/ 2 August 2013

Wits ‘can’t afford to end outsourcing’ of workers

Wits 'can't Afford To End Outsourcing' Of Workers

Bitter tensions over outsourced workers at the University of the Witwatersrand escalated this week when the institution's top management insisted it could not afford to abandon the controversial practice.

In a heated meeting with about 400 outsourced workers this week, new vice-chancellor Adam Habib said he would "love" to reverse outsourcing but "can't take the risk and run the university into a crisis". 

"I know the one thing you want is to be insourced. I can't afford it," Habib said.

But his audience was clearly unconvinced. 

"It's not your money we want, but the university's," a cleaner said. "This R2 000 [monthly salary] is probably your child's lunch stipend." 

Said another: "It's not that we want huge money, just reasonable money so that we can improve lives in our homes."

Habib replied: "I wish I could, but I can't. There are no reserves. I'm talking about Wits's money. Wits doesn't have money. If I start spending recklessly, then nine months from now Wits will be in trouble."

The Mail & Guardian has obtained a management-commissioned report handed to the senate last week that says insourcing would double labour costs to R150-million a year. 

The report considered services such as cleaning, catering, grounds maintenance and student transport.

Habib said he would be "happy" to consider insourcing again "if [Wits] starts earning more income in two to three years". 

But this would come from either hiking student fees or getting increased funding from the government. 

"I don't like outsourcing, I think it's wrong. If I [had been] here in 2001 I would not have done it," he added. 

Outsourcing was introduced in 1999 by then vice-chancellor Colin Bundy, igniting more than a decade of campus conflict that remains unresolved.

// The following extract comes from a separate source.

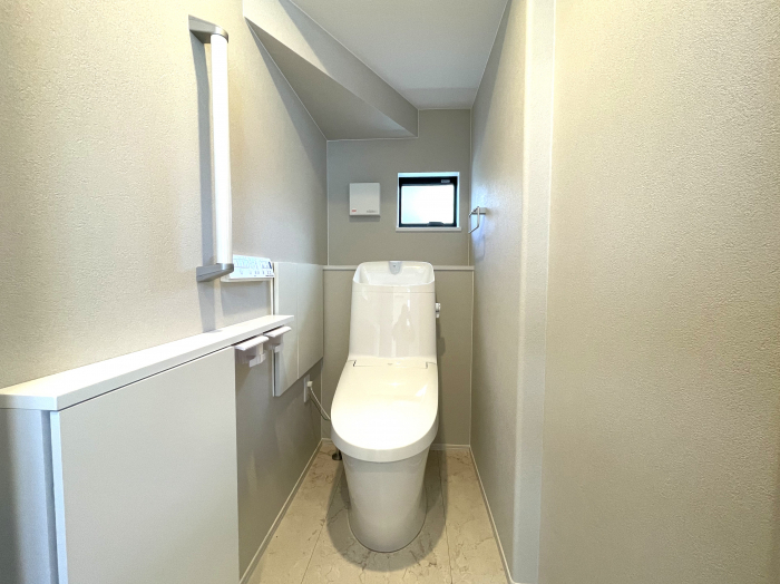 ペーパーホルダー脇の収納キャビネットに加え、備え付け収納を設置。トイレットペーパー(12個入)を袋ごと収納できる奥行を確保しています。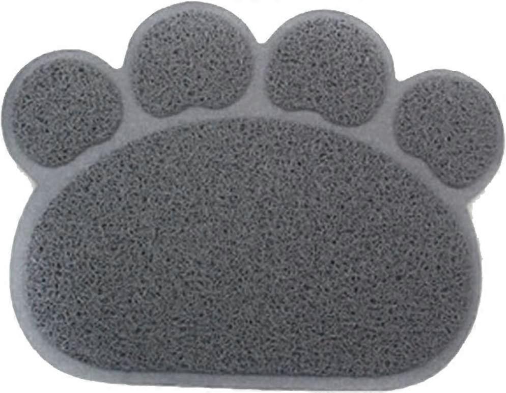 PVC Pet Dog Cat Puppy Kitten Dish Bowl Food Water Placemat Mat Paw Shape (Grey)

More than 1 000 workers are outsourced, the report said.

The university's deputy vice-chancellor for finance, Tawana Kupe, confirmed that it has no cash reserves. 

"If you look around the university you see new infrastructure. After these projects, we don't have reserves."

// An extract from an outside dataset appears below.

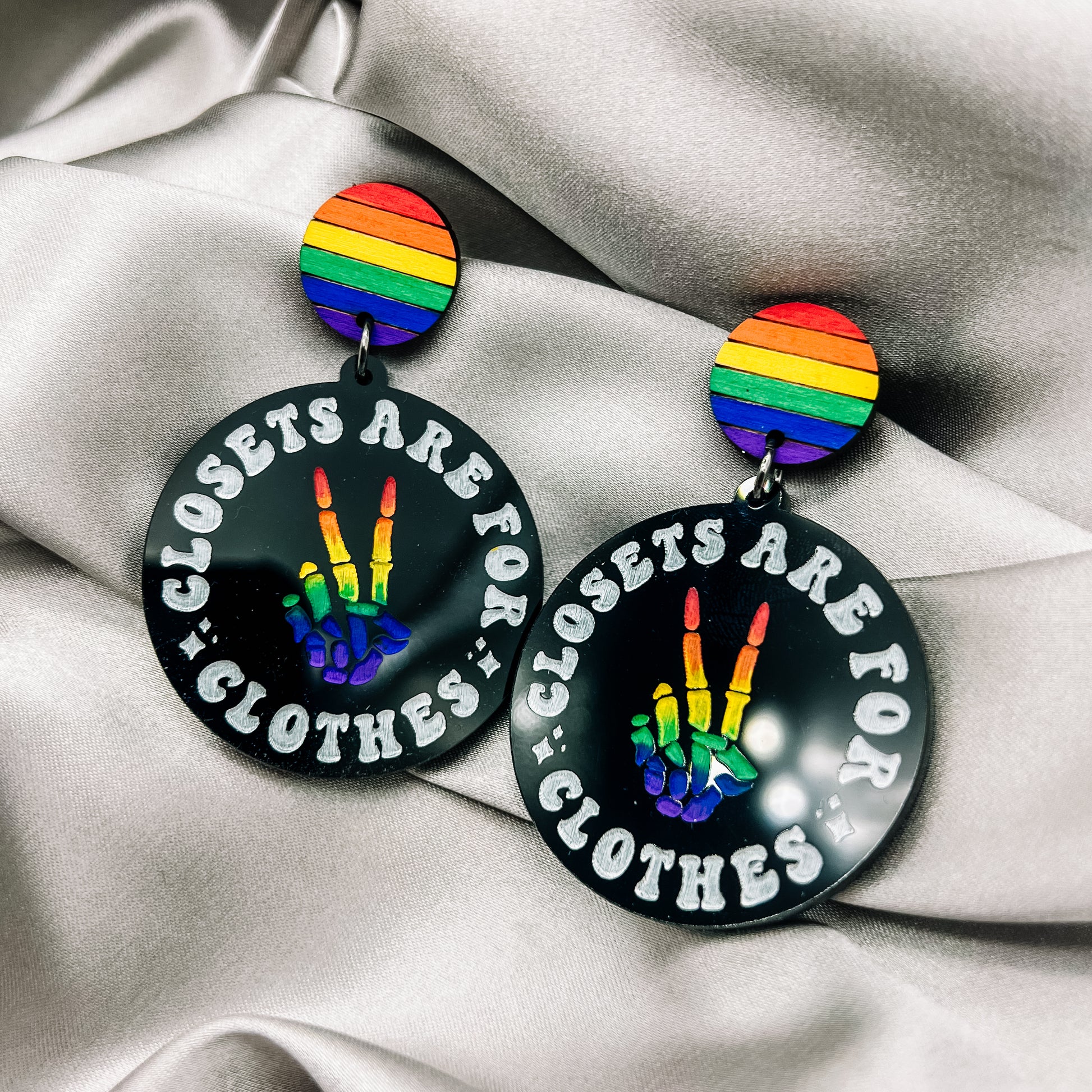 Laser cut acrylic Pride earrings. Hand painted circle post and hand painted glossy black material! Perfect for Pride month and all year round! Send me a message if you’d like different Pride flag colors!

"The cost of insourcing is not something we can afford now," he said.

The M&G previously reported that Wits had pumped R1.5-billion into improving and developing facilities four years ago.

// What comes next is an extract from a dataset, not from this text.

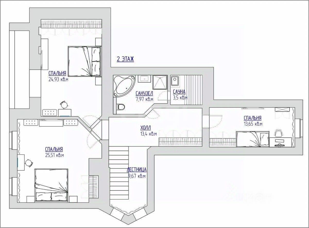 Площадь 203 м², два этажа + терраса 15 м². На первом: прихожая, холл, гостиная с камином, санузел, кладовая (можно сделать постирочную). На втором: 3 спальни, санузел, финская сауна с электропечью.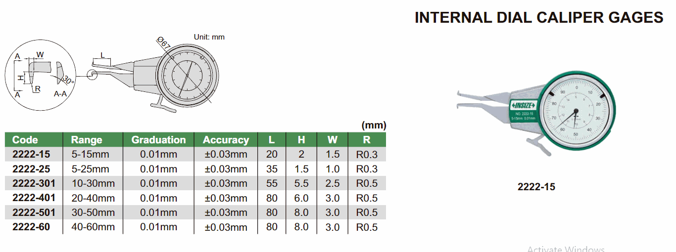 INSIZE 2222-15 Internal Dial Caliper Gage (5-15mm) | EMINKH.COM

"The only thing we want from Wits is civilisation, not the continuation of [economic] apartheid," said landscaper Mathews Bodiba, whose R2 500 salary includes a R300 supplement from Wits. 

"I think it's still early for Habib to say now he doesn't even have a cent. They should at least say 'we'll discuss things as senior management and see how much we can offer you'." 

The students' representative council and the Wits Workers Solidarity Committee, a forum comprising academics, students and outsourced workers, lashed out at management for "shockingly endorsing exploitation".

"In a context where an overwhelmingly black, female and working-class labour force is reduced to cheap labour (servicing an academic staff that is disproportionately white and male), outsourcing arguably replicates apartheid on our campus," they said.

Kupe said it was "unfair" to accuse Wits of apartheid practices. 

"Under apartheid there were not even minimum wages," he said.